◆ Work to be completed: Each entry below must be repeated exactly, with pictures left out.

(Data extracted from a collection)
____

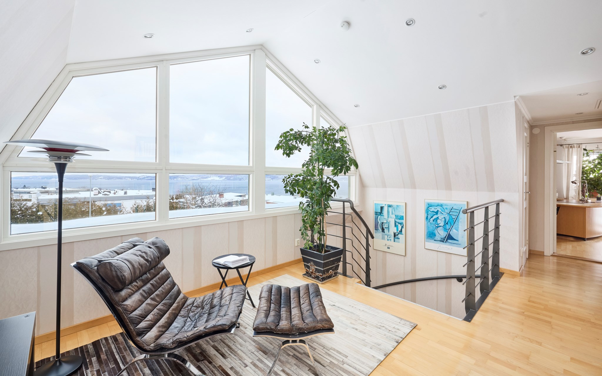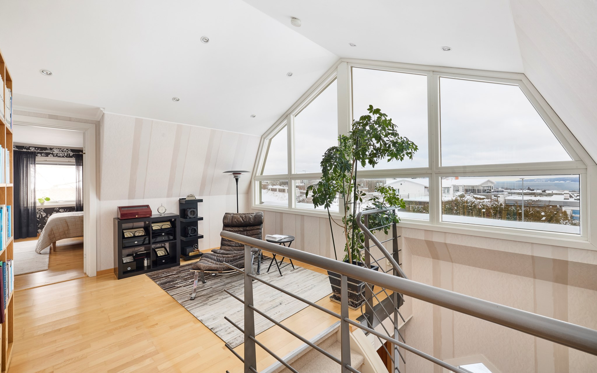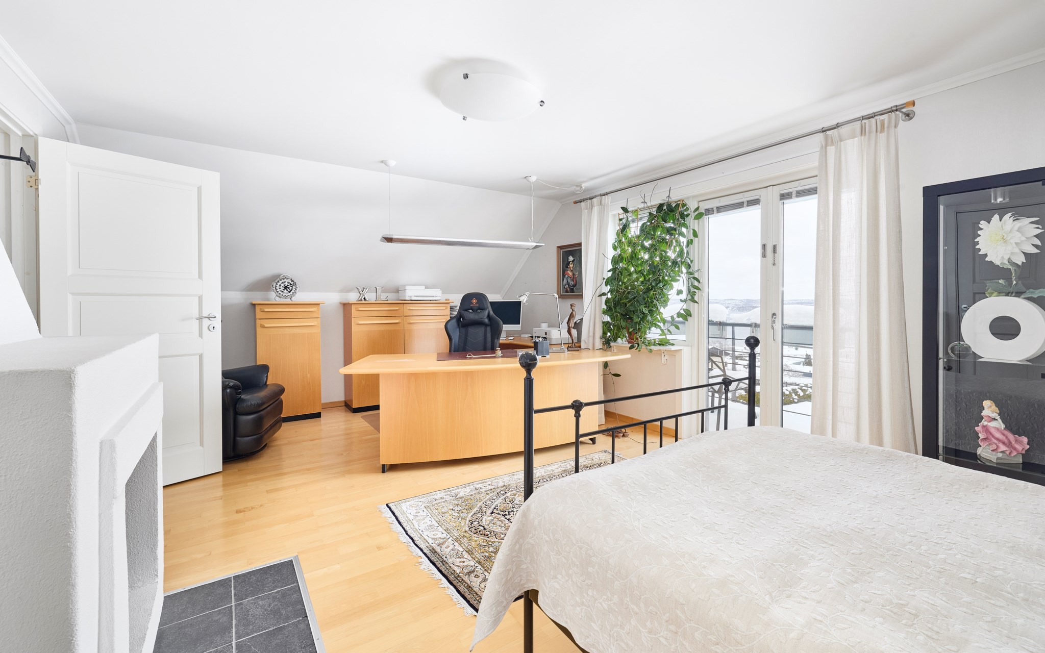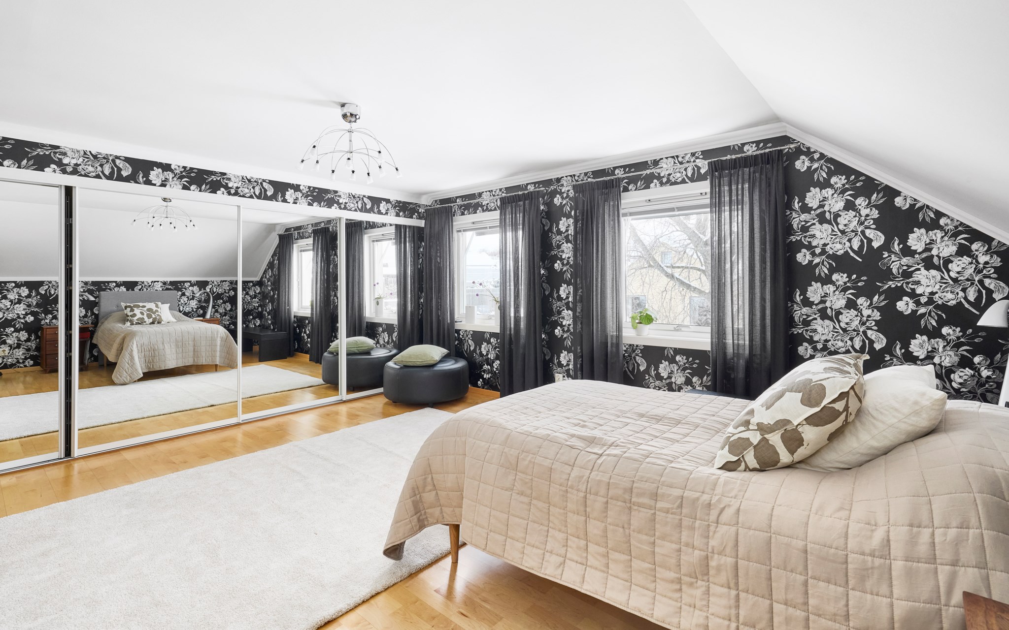 Som huset är disponerat finns det två stora sovrum en trappa upp, ett i vardera gavel av huset och med fint snedtak i båda som ramar in drömsömnen. Det ena skulle lätt gå att dela av i två barnrum mellan fönstren. Storslagen utsikt över Vättern och centrala Jönköping från det med fönster och balkong åt det hållet. Behöver du ytterligare sovplatser, finns två stora rum i suterrängplanet som också skulle kunna konvertera till gäst- eller sovrum, en idé som tonåringar lätt och snabbt skulle kunna sympatisera med.
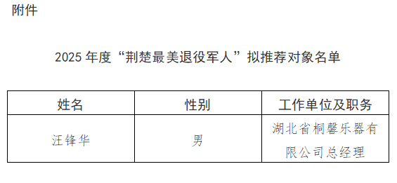 根据湖北省退役军人事务厅部署要求,将开展2025年度“荆楚最美退役军人”评选活动。通过逐级推荐和评选,拟推荐汪锋华同志参评“荆楚最美退役军人”。
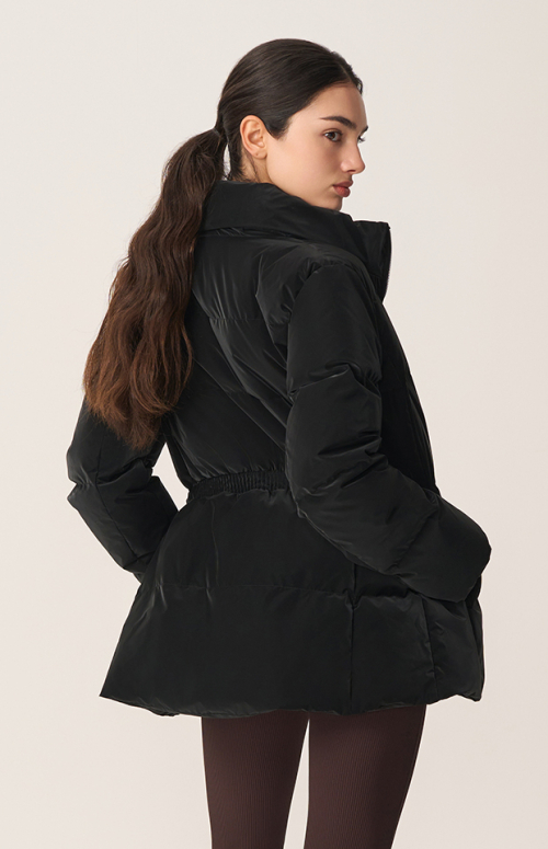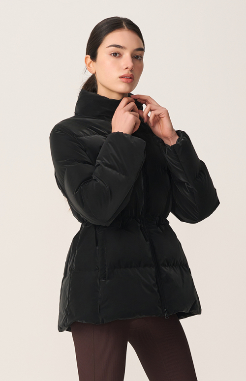 허리를 조일 수 있는 미들 길이의 헝가리 구스다운 점퍼
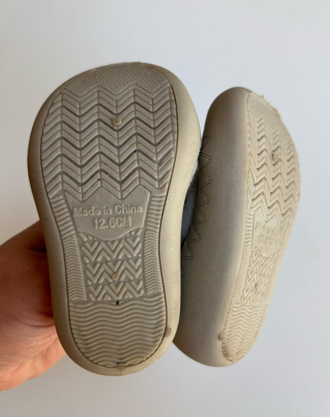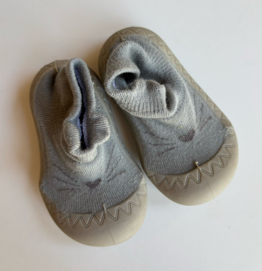 Unbranded baby size 12.6 cms grey cat sock shoes, VGUC
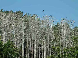 Az útszélen jelzőtábla mutatta a gyalogutat a kormoránok fészkelő helyének megleséséhez. (Tilos minden és tessék csendben maradni tábla).
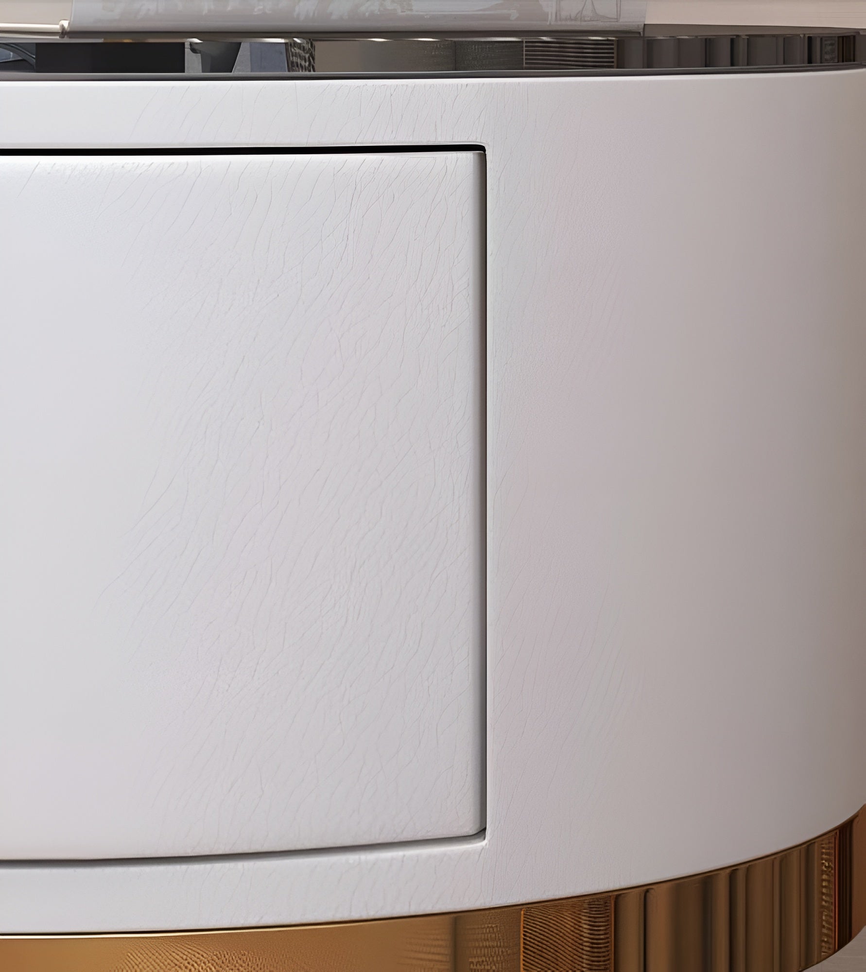 Elevate your bedroom with the Metal Base Luxury Glass Night Stand. This stunning piece combines style and function perfectly. First, the lavish glass table top offers a polished look. Next, the solid wood structure of this luxury night stand comes upholstered with leather and metal accents, providing a refined and soft finish. Moreover, the sturdy metal base ensures stability while adding golden elegance.
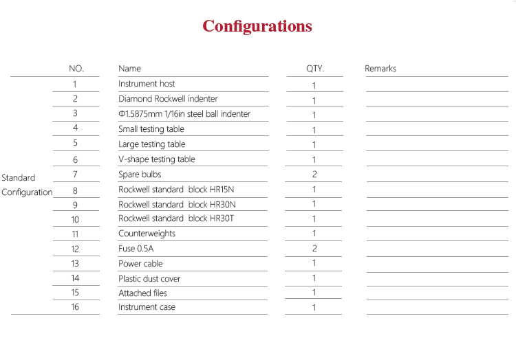 | Indenter specification | Diamond cone Rockwell indenter,Φ1.5875mm steel ball indenter |
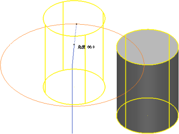 该直线一半是实线,一半是虚线。如果在拖动对象时光标位于实线部分上 ,则旋转角度将以增量为 15 的幅度变化。在将光标置于虚线部分上时 ,角度将以增量为 1 的幅度变化。如果移动光标,使其位于圆外部 ,则角度将以增量为 0.1 的幅度变化。
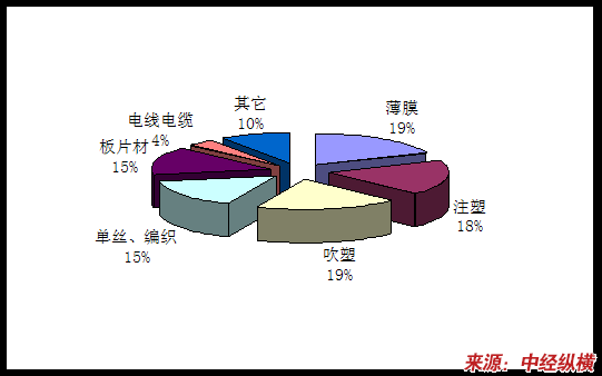 聚乙烯在我国应用相当广泛,薄膜是其最大的用户,约消耗低密度聚乙烯77%,高密度聚乙烯的18%,另外,注塑制品、电线电缆、中空制品等都在其消费结构中占有较大的比例。下面将分应用领域对聚乙烯消费市场进行 分析 。

____

◆ Exercise answer:
 Som huset är disponerat finns det två stora sovrum en trappa upp, ett i vardera gavel av huset och med fint snedtak i båda som ramar in drömsömnen. Det ena skulle lätt gå att dela av i två barnrum mellan fönstren. Storslagen utsikt över Vättern och centrala Jönköping från det med fönster och balkong åt det hållet. Behöver du ytterligare sovplatser, finns två stora rum i suterrängplanet som också skulle kunna konvertera till gäst- eller sovrum, en idé som tonåringar lätt och snabbt skulle kunna sympatisera med.
 根据湖北省退役军人事务厅部署要求,将开展2025年度“荆楚最美退役军人”评选活动。通过逐级推荐和评选,拟推荐汪锋华同志参评“荆楚最美退役军人”。
 허리를 조일 수 있는 미들 길이의 헝가리 구스다운 점퍼
 Unbranded baby size 12.6 cms grey cat sock shoes, VGUC
 Az útszélen jelzőtábla mutatta a gyalogutat a kormoránok fészkelő helyének megleséséhez. (Tilos minden és tessék csendben maradni tábla).
 Elevate your bedroom with the Metal Base Luxury Glass Night Stand. This stunning piece combines style and function perfectly. First, the lavish glass table top offers a polished look. Next, the solid wood structure of this luxury night stand comes upholstered with leather and metal accents, providing a refined and soft finish. Moreover, the sturdy metal base ensures stability while adding golden elegance.
 | Indenter specification | Diamond cone Rockwell indenter,Φ1.5875mm steel ball indenter |
 该直线一半是实线,一半是虚线。如果在拖动对象时光标位于实线部分上 ,则旋转角度将以增量为 15 的幅度变化。在将光标置于虚线部分上时 ,角度将以增量为 1 的幅度变化。如果移动光标,使其位于圆外部 ,则角度将以增量为 0.1 的幅度变化。
 聚乙烯在我国应用相当广泛,薄膜是其最大的用户,约消耗低密度聚乙烯77%,高密度聚乙烯的18%,另外,注塑制品、电线电缆、中空制品等都在其消费结构中占有较大的比例。下面将分应用领域对聚乙烯消费市场进行 分析 。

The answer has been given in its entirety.